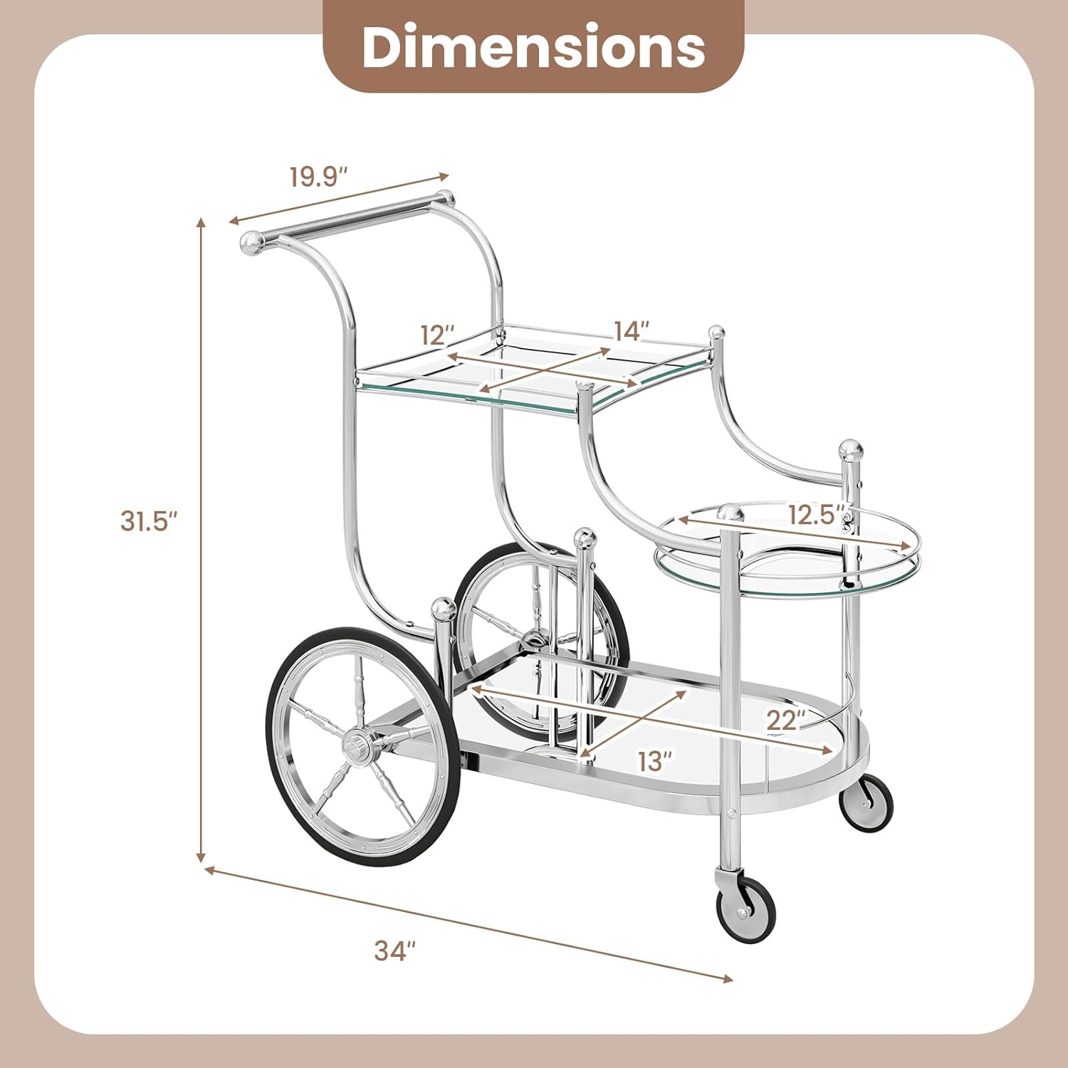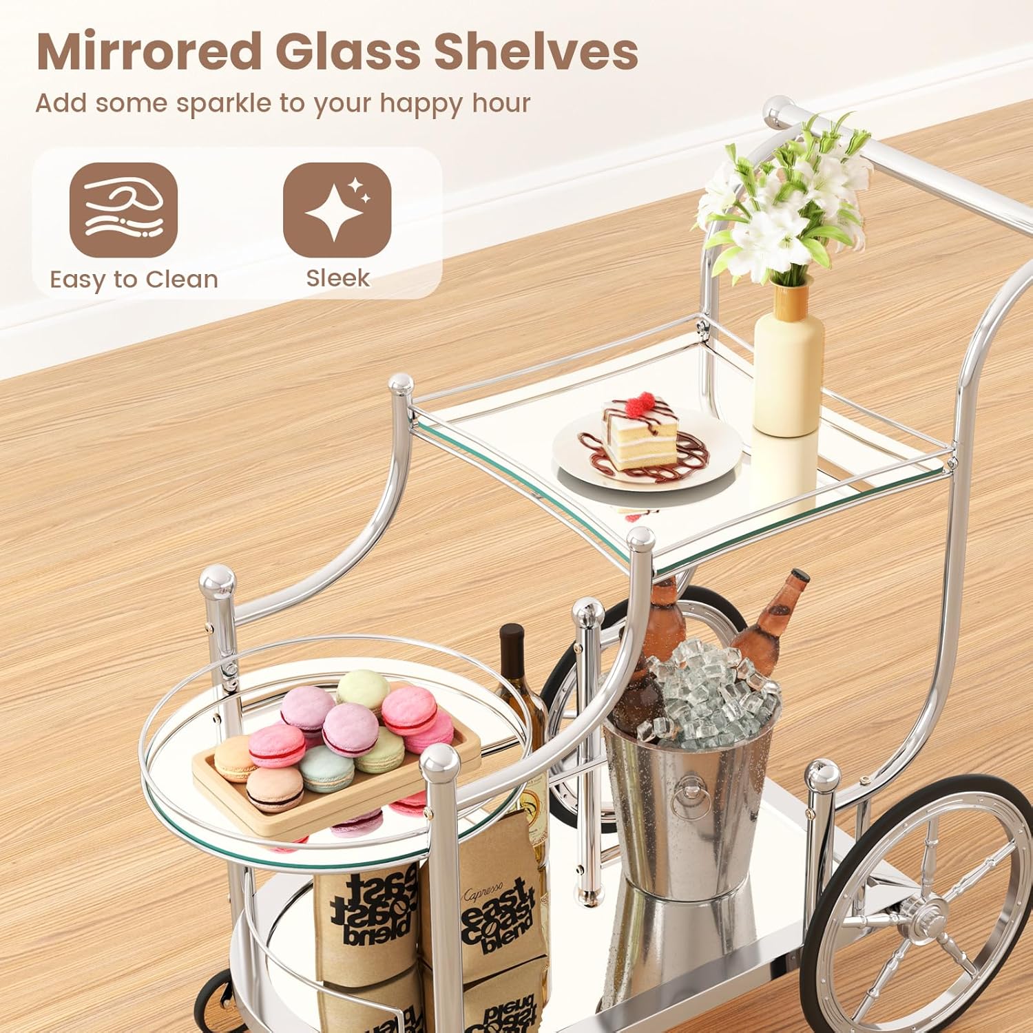 ReunionG Silver Bar Cart with Wheels, 3-Tier Rolling Serving Cart w/3 Mirrored Shelves, Mobile Tea Drink Beverage Wine Trolley Home Bar Kitchen, Dining Room, Living Room, Hotel, Club (Silver)
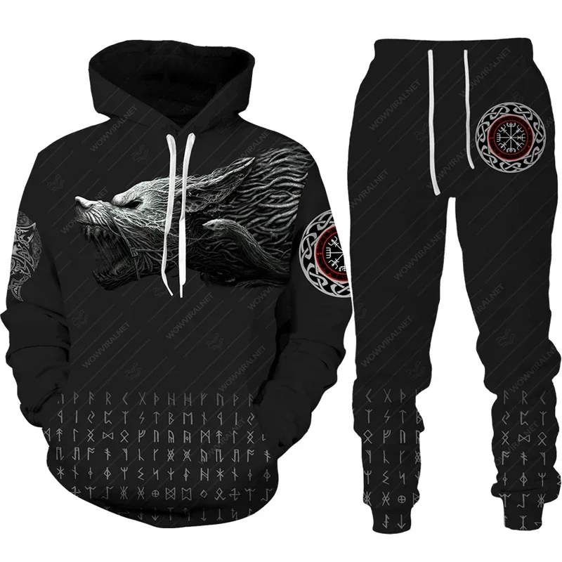 Ensemble sweat à capuche pour hommes, imprimé en 3D, survêtement/pantalon, pull à manches longues, Punk, vêtements de sport décontractés, surdimensionnés, de haute qualité, automne hiver
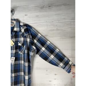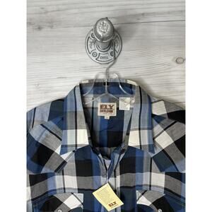 Ely Cattleman Shirt Mens XL Blue Black Plaid Western Pearl Snap Long Sleeve
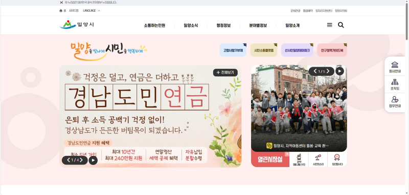 밀양시가 시민의 정보 접근성과 이용 편의 향상을 위해 대표 누리집(홈페이지)을 부분 개편했다.

_Assignment:_ Reproduce the material word for word. Skip every picture it holds.

_Solution for this problem:_
 ReunionG Silver Bar Cart with Wheels, 3-Tier Rolling Serving Cart w/3 Mirrored Shelves, Mobile Tea Drink Beverage Wine Trolley Home Bar Kitchen, Dining Room, Living Room, Hotel, Club (Silver)
 Ensemble sweat à capuche pour hommes, imprimé en 3D, survêtement/pantalon, pull à manches longues, Punk, vêtements de sport décontractés, surdimensionnés, de haute qualité, automne hiver
 Ely Cattleman Shirt Mens XL Blue Black Plaid Western Pearl Snap Long Sleeve
 밀양시가 시민의 정보 접근성과 이용 편의 향상을 위해 대표 누리집(홈페이지)을 부분 개편했다.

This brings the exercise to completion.